The results of the comparative study are not straightforward (I find). Let us consider a few hypotheses. One hypothesis goes as follows. Sound localization acuity is directly related to the temporal precision of firing of auditory nerve fibers. If this precision is similar for all mammals, then this should correspond to a constant ITD threshold. In terms of angular threshold, sound localization acuity should then be inversely proportional to the largest ITD, and to head size. The same reasoning would go for intensity differences. Philosophically speaking, this corresponds to the classical information-processing view of perception: there is information about sound direction in the ITD, as reflected in the relative timing of spikes, and so sound direction can be estimated with a precision that is directly related to the temporal precision of neural firing. As I have argued many times in this blog, the flaw in the information-processing view is that information is defined with respect to an external reference (sound direction), which is accessible for an external observer. Nothing in the spikes themselves is about space: why would a difference in timing between two specific neurons produce a percept of space? It turns out that, of all the quantities the authors looked at, largest ITD is actually the worst predictor of sound localization acuity. Once the effect of best field of vision is removed, it is essentially uncorrelated (Fig. 8).

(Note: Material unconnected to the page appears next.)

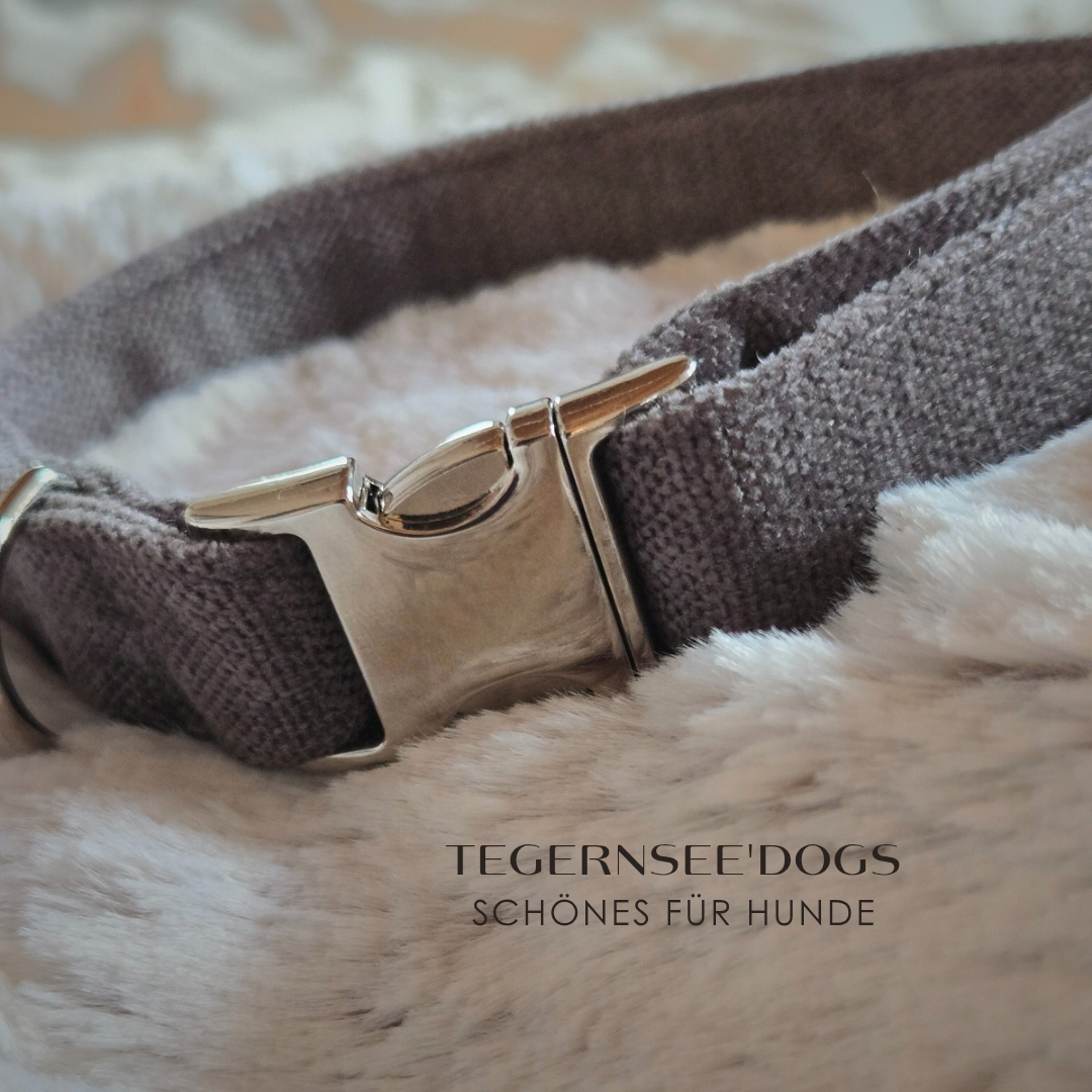 Praktisches und schlichtes Halsband in edlem Design. Der Chenille Samt ist schön griffig und robust. Der schöne Schimmer im Stoff macht dieses Stück zu einem edlen Alltagsbegleiter.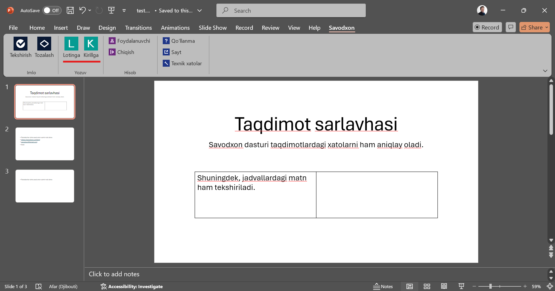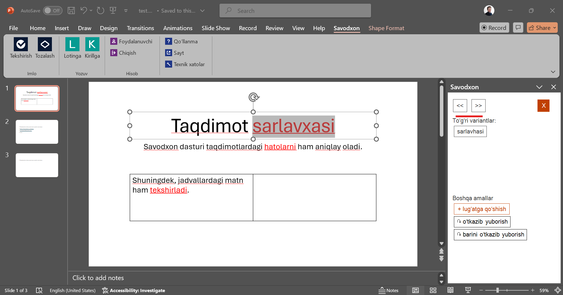 - Taqdimotdagi matnda mavjud imlo xatolarini aniqlash uchun “Tekshirish” tugmasini bosing. Agar taqdimotning faqat bir qismini tekshirmoqchi boʻlsangiz, kerakli slaydlarni belgilab, keyin “Tekshirish” tugmasini bosing.

A second hypothesis goes as follows. The auditory system can estimate the ITD of sounds, but to interpret this ITD as the angle of the sound source requires calibration (learning), and this calibration requires vision. Therefore, sound localization acuity is directly determined by visual acuity. At first sight, this could be compatible with the information processing view of perception. However, the sound localization threshold is determined in a left/right localization task near the midline, and in fact this task does not require calibration. Indeed, one only needs to know which of the two ITDs is larger. Therefore, in the information-processing view, sound localization acuity should still be related to the temporal precision of neural “coding”. To make this hypothesis compatible with the information-processing view requires an additional evolutionary argument, which goes as follows. The sound localization system is optimized for a different task, absolute (not relative) localization, which requires calibration with vision. Therefore the temporal precision of neural firing, or of the binaural system, should match the required precision for that task. The authors find again that, once the effect of best field of vision is removed, visual acuity is essentially uncorrelated with sound localization acuity (Fig. 8).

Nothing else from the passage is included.